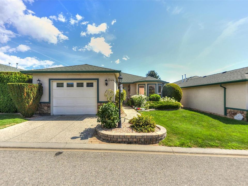 Sun Village This 1256 sq ft rancher in a tranquil creek side setting was remodeled 6 years ago. A very quiet unit that has a high-quality hardwood floors, quartz countertops, fresh paint and revitalized cabinets, tiled patio with remote controlled awning. Furnace and A/c replaced in 2019. Sun Village is known as one of the most desirable places to live in all of West Kelowna. There is a clubhouse with many amenities including a saltwater pool, hot tub and exercise room. This home is close to restaurants, shopping, recreation, and all of the great things that West Kelowna has to offer. If you need them, there are RV parking spaces available .Pets are welcome at Sun Village! Max. 2 dogs 20" to the shoulder. HOA fees $280.07 land Lease $227.50
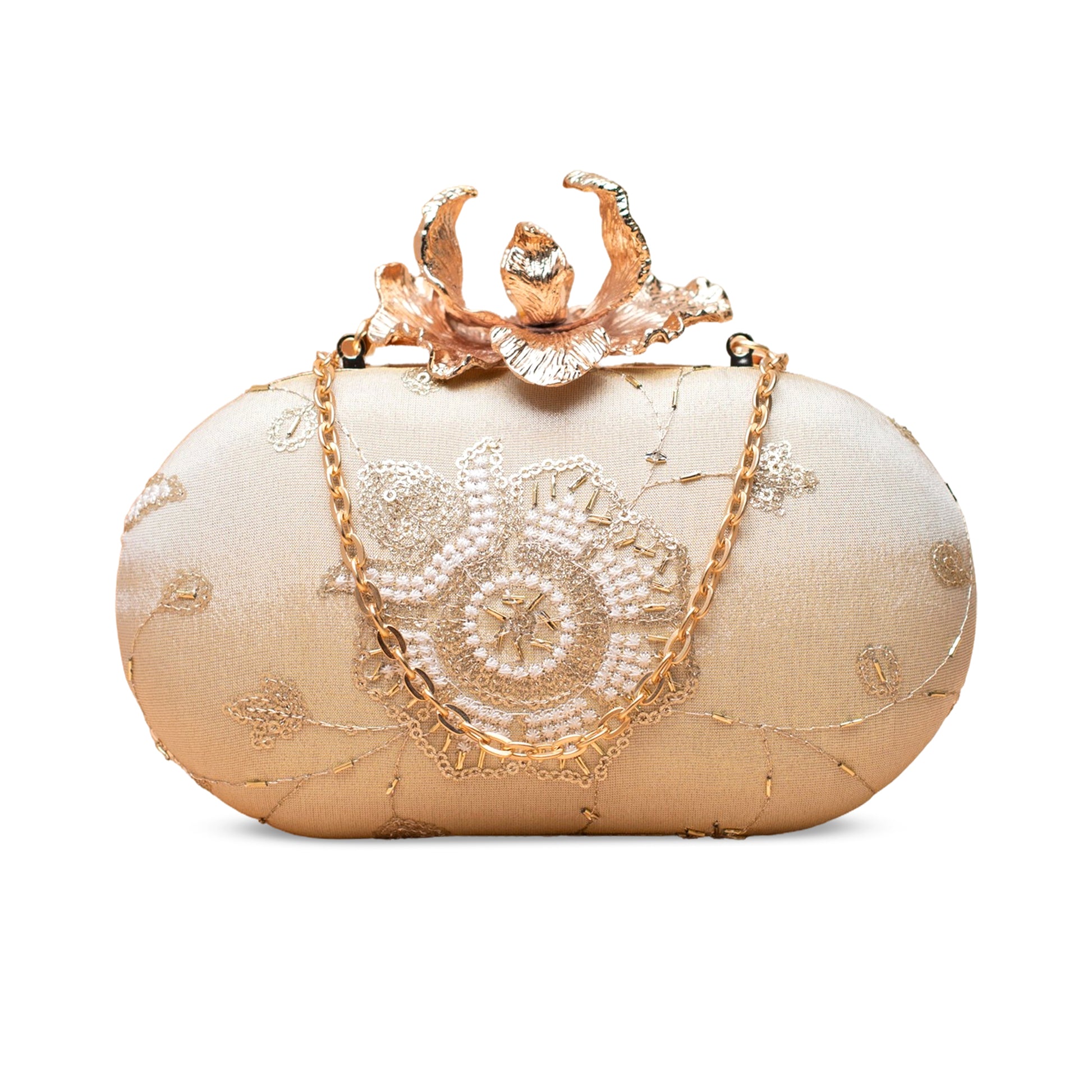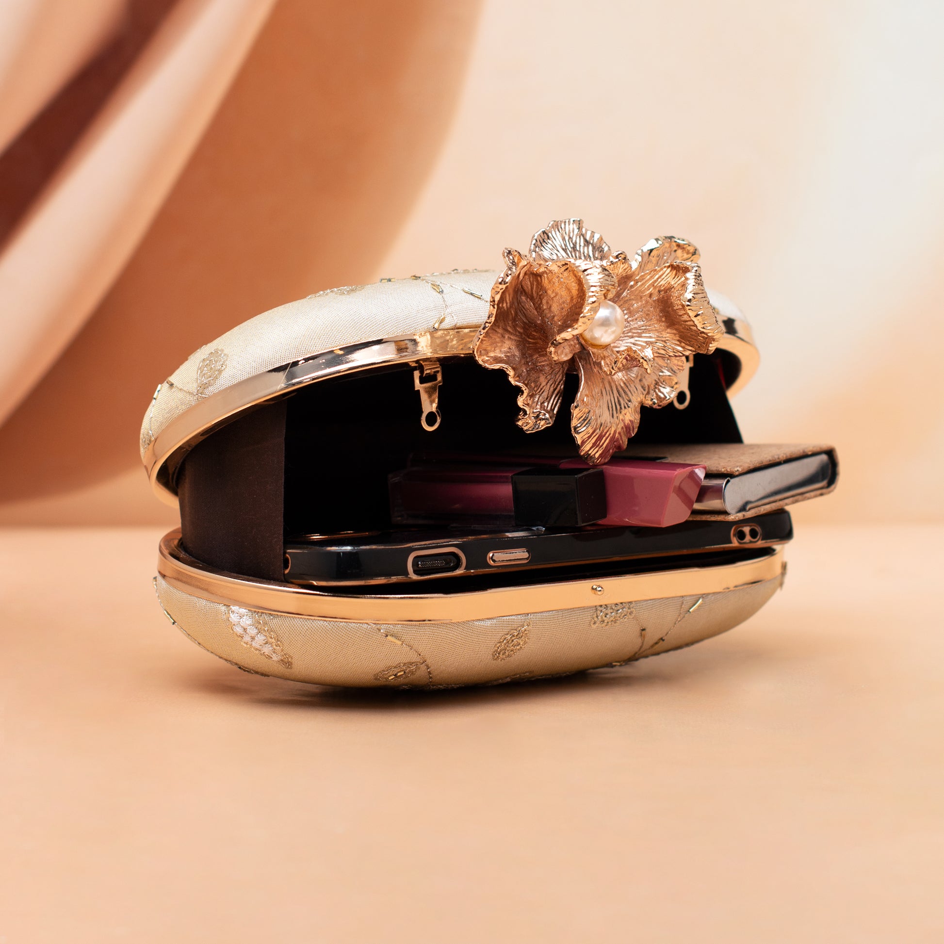 Artklim Golden Floral Embroidered Embroidered Clutch
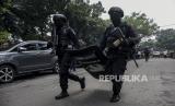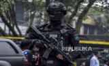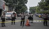 REPUBLIKA.CO.ID, BANDUNG -- Petugas kepolisian berjaga di dekat lokasi terjadinya ledakan yang diduga bom bunuh diri di area Polsek Astana Anyar, Jalan Astana Anyar, Kota Bandung, Rabu (7/12/2022).
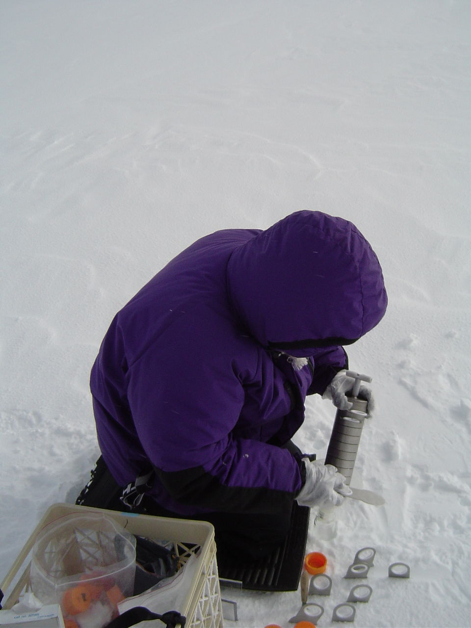 TREC teacher Nikki Airaudi collecting snow samples at Summit, Greenland.

****************

• [Problem details] The lines to repeat run from the line containing "REPUBLIKA.CO.ID, BANDUNG -- Petugas" through the end of the listing above, both included; give them exactly and without pictures.

• [Written reply]
 REPUBLIKA.CO.ID, BANDUNG -- Petugas kepolisian berjaga di dekat lokasi terjadinya ledakan yang diduga bom bunuh diri di area Polsek Astana Anyar, Jalan Astana Anyar, Kota Bandung, Rabu (7/12/2022).
 TREC teacher Nikki Airaudi collecting snow samples at Summit, Greenland.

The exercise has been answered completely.